By 1953, battery dopes were old news. The NBS began testing them in the early 1920s. It issued its first condemnation of them in 1925, a judgment it expanded six years later into a four-page document that it would send to anyone inquiring about battery additives. The bureau’s battery experts regarded dopes as the stuff of small-time fraud. When entrepreneur Jess Ritchie began selling Battery AD-X2 in the late 1940s and assays showed it to be a familiar mix of magnesium sulfate and sodium sulfate, they had little reason to regard it any differently.

But compared with the fly-by-night mountebanks who peddled battery dopes through leaflets in the 1920s and 1930s, Ritchie was persistent, well connected, and dedicated to establishing legitimacy for his product. The name AD-X2 evoked high-tech postwar feats like Chuck Yeager’s October 1947 supersonic flight in a Bell X-1 experimental plane. Ads for the additive appeared in respected trade publications, and it enjoyed endorsements from established scientists, most notably Merle Randall, whom Ritchie retained as a consultant. Randall was an emeritus chemistry professor from the University of California, Berkeley, and coauthor of a standard textbook on chemical thermodynamics.

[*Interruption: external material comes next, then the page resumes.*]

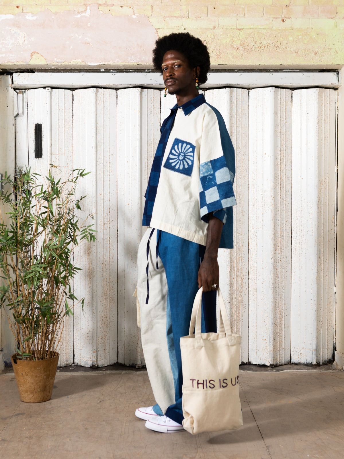 THIS IS US™ lends contemporary edge to traditional craft with the Boxy Lounge Shirt. Tailored in Lagos from hand-dyed Funtua cotton, it’s cut to a relaxed silhouette with an asymmetrical hemline, square chest pocket, and button-down fastening. The color-blocked panels nod to modern streetwear while honoring artisanal indigo dyeing techniques preserved at Kano’s centuries-old Kofar Mata pits. Pair yours with laidback cargo pants for a bold take on everyday dressing.
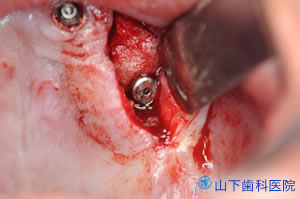 | 5か月待って再埋入可能と判断、全くドリリングせずにインプラント体が持つセルフタップ機能だけで新しいインプラント体を埋入しました。 仮の上部構造体にはつなげず、粘膜骨膜の下に埋め込む2回法にしました。 剥離した粘膜骨膜の下に見えているのは、インプラント体内部に設置されているネジ穴を塞ぐために頭部に付けたカバースクリューです。 |

When Ritchie became aware of the NBS’s blanket condemnation of battery additives, he rose to the fight. AD-X2, he argued, was different. Armed with Randall’s endorsement and a thick stack of customer testimonials, he took the fight to Washington, DC, where he pressed his case that his product should be exempted from the bureau’s judgment against battery additives. In an attempt to convince them of AD-X2’s merit, Ritchie and Randall corresponded with NBS scientists from 1948 to 1952. The bureau tested the product repeatedly, one time in collaboration with Ritchie, but found no effect. Ritchie’s happy customers, the NBS team reasoned, were taken in by the fact that the procedures for administering the product—cleaning the posts, topping up and stirring the electrolyte, and charging the battery slowly, among others—were themselves likely to perk up an unresponsive battery. Based on the bureau’s tests, the US Post Office Department issued a fraud order in February 1953 that prevented Ritchie’s company from conducting business through the mail.

PTO.v78.i10.24_1.f3.png

A 1931 advertisement for the Nu-Life battery additive made extravagant claims about the product’s magical effects. (Image from The Pathfinder: Digest of World Affairs, 28 February 1931, p. 27.)

View larger

Undeterred, Ritchie pressed his case with renewed energy. He found a sympathetic ear in Weeks, whom Eisenhower had tapped for secretary of commerce shortly after winning the 1952 election. Weeks had been chairman of the board of a company that used, and liked, Ritchie’s product. In AD-X2, Weeks saw an opportunity to signal his support for small business. He successfully pressured the postmaster general into suspending the fraud order. But the controversy was far from over.

Firing and mobilization

In late March 1953, two months into the new administration, Astin was called to a meeting with one of Weeks’s assistant secretaries and asked to resign. He had yet to meet Weeks in person. Weeks justified Astin’s removal on the grounds that the bureau had “not been sufficiently objective” in handling the AD-X2 affair because it ignored “the play of the market place.” 1 More broadly, he considered it his prerogative to appoint new leaders at Department of Commerce agencies. “The Bureau of Standards is, I think, my responsibility as long as I hold the office I have,” he explained. 2

US scientists were scandalized. On 31 March 1953—the day that news of Astin’s firing broke—the president of the American Physical Society (APS), Enrico Fermi, took a phone call from F. Wheeler Loomis, one of his predecessors. Loomis had learned from the morning papers of Astin’s removal and smelled political interference. He asked Fermi to explore the possibility of an APS response, and Fermi agreed. 3

Loomis’s overture to Fermi was part of a large, spontaneous, and rapidly organized pressure campaign that sought to force Weeks to back down. Throughout April and May 1953, members of APS, the American Institute of Physics, the Federation of American Scientists, and many other scientific organizations worked zealously to coordinate a clear and forceful response with the goal of getting Astin reinstated and sending a message to Eisenhower that the independence of scientific institutions needed to be sacrosanct. Doing so required overcoming the reticence of many segments of the scientific world—particularly in the physics community—to get deeply involved in politics. As Robert Bacher, one of the members of APS’s governing committee, put the problem to Fermi, the physics community’s delicate task was to “stay out of politics but protest against injecting political or business considerations in judging scientific merits of a situation.” 4

PTO.v78.i10.24_1.f4.png

A portrait of Allen Astin on display in NIST’s hall of directors.

View larger

While the controversy raged, Astin spoke at an APS meeting in Washington, DC, on 1 May 1953. Referring to the controversy only obliquely, he delivered a defense of the role of impartial science in government. (The text of the talk is in the June 1953 issue of Physics Today .) He enumerated standard scientific virtues, such as reliability, objectivity, open communication, and the importance of fundamental research. He emphasized the attributes he considered to be instrumental to the NBS mission, including the maintenance of standards, “romance in precision measurement,” and the importance of communicating accessible scientific knowledge to the public.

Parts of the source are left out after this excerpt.